Footnote 38 from the passage above says:
38 Indeed, it is hard to imagine a situation more illustrative of Judge Posner's famous words, that "there can be few less suitable bodies than the federal courts for determining the eligibility, or the procedures for determining the eligibility, of athletes to participate in the Olympic Games." Michels v. US. Olympic Comm., 741 F.2d 155, 159 (7th Cir. 1984) (Posner, J., concurring). By the same token, this Court simply has no business telling national and international amateur athletic organizations how to regulate their respective sports.
So where does this leave sports jurisprudence and Lance Armstrong?
On the former, the Sparks decision reaffirms a sharp distinction between lex imperium and lex sportiva, while leaving that boundary permeable in certain exceptional circumstances.
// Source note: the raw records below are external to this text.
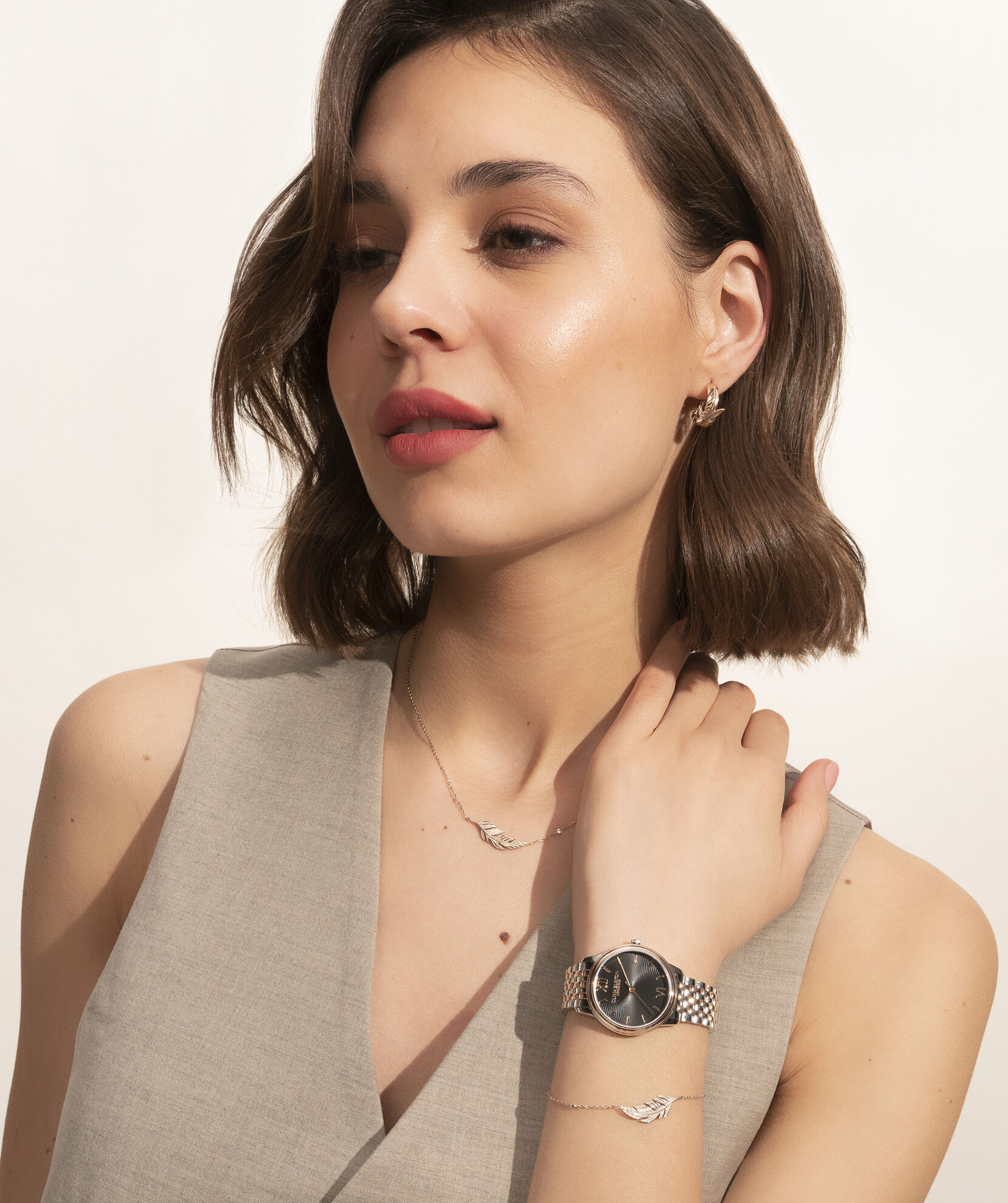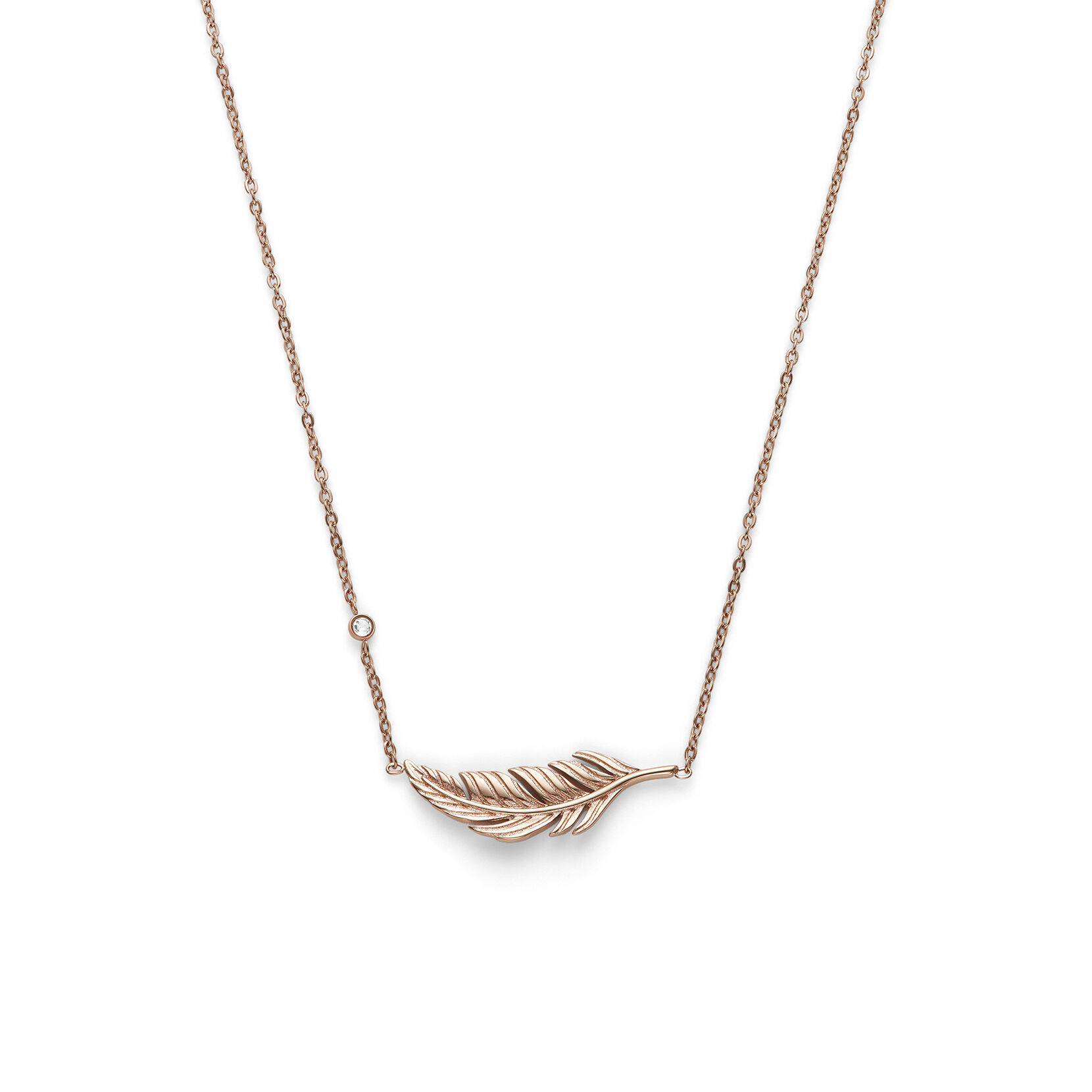 Symbolising freedom, wisdom and power, our Feather jewelry is graceful, feminine and full of movement. This delicate rose gold plated feather pendant is brought to life with detailed engraving whilst the necklace chain is finished with a tiny crystal for an unexpected surprise. The perfect meaningful token for you or a loved one.
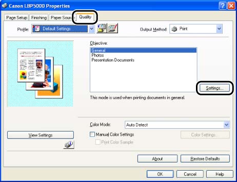2. Display the [Quality] sheet, then click [Settings].
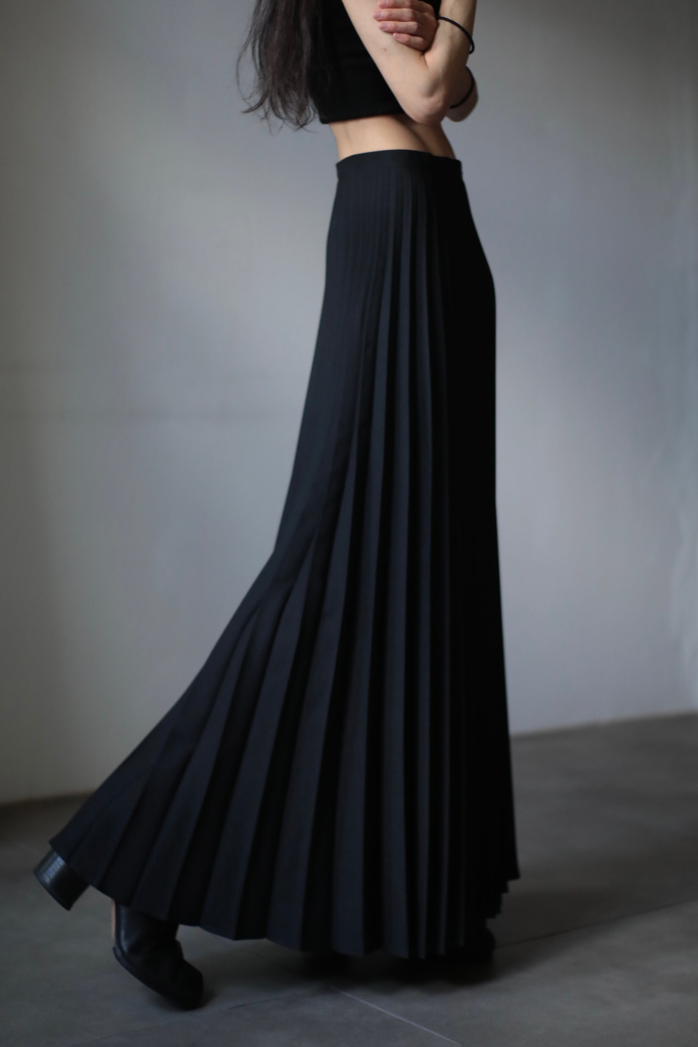 1980s~ volume silhouette accordion pleats design maxi skirt
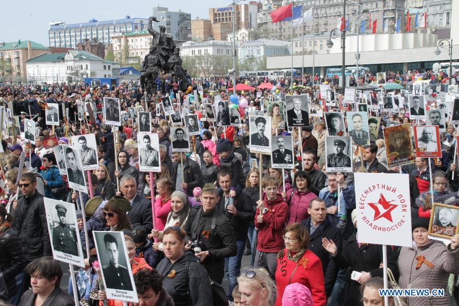 People holding photos of martyrs take part in the military parade marking the 70th anniversary of the victory in the Great Patriotic War, in Vladivostok, Russia, May 9, 2015. (Xinhua/Valery)

In other words, Sparks is saying, sporting associations should tend to their own business, unless and until that business violates the laws of the land. As that has not happened in this case, Sparks has tossed the issue back to USADA, as unsavory an outcome as that likely is to Armstrong.

For Armstrong, barring an appeal of the Sparks decision (which he'd likely lose), he now faces a decision to proceed with arbitration with USADA or accept their sanctions. The arbitration proceedings offer the prospects for an unseemly spectacle of various sports organizations (WADA, USADA, UCI, USA Cycling) arrayed on opposing sides of the dispute. Should an arbitration not turn out in Armstrong's favor then possible future stops for the dispute would include the Committee of Arbitration for Sport in Switzerland, and then perhaps Swiss Courts.
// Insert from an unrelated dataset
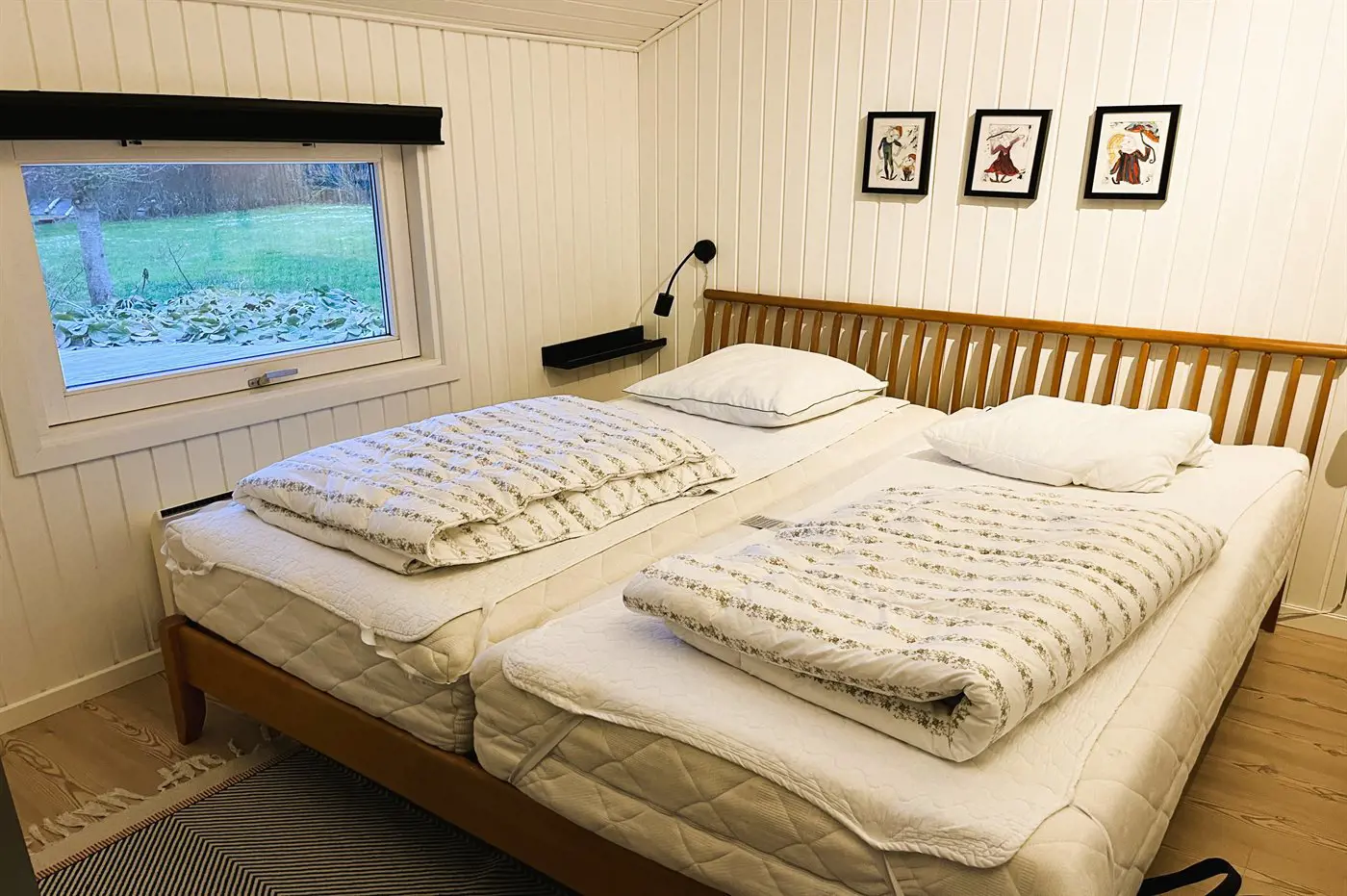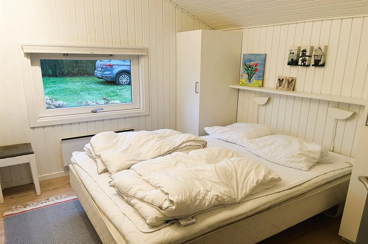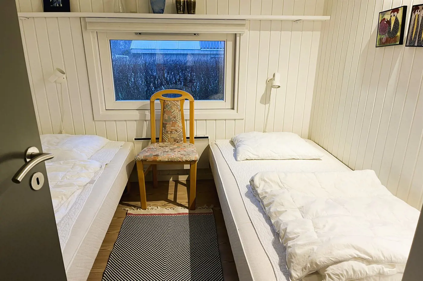 Im Haus gibt es insgesamt 8 Schlafplätze, da sich im Wohnzimmer zusätzlich ein Alkoven befindet, die als alternative Schlafmöglichkeit genutzt werden kann. Das Haus darf jedoch nur von maximal 6 Personen gebucht und bewohnt werden.

However, given the recent decisions of the CAS (e.g., FC Sion, bin Hamman) in support of sporting organizations and their due process standards, and the reluctance of Swiss Courts to revisit CAS decisions, Armstrong's legal teams may decide to seek recourse in the US. However, here as well Armstrong does not appear to have a firm basis for overturning an arbitrated decision against him. Perhaps such a calculus increases the chances of a deal being stuck to avoid arbitration altogether.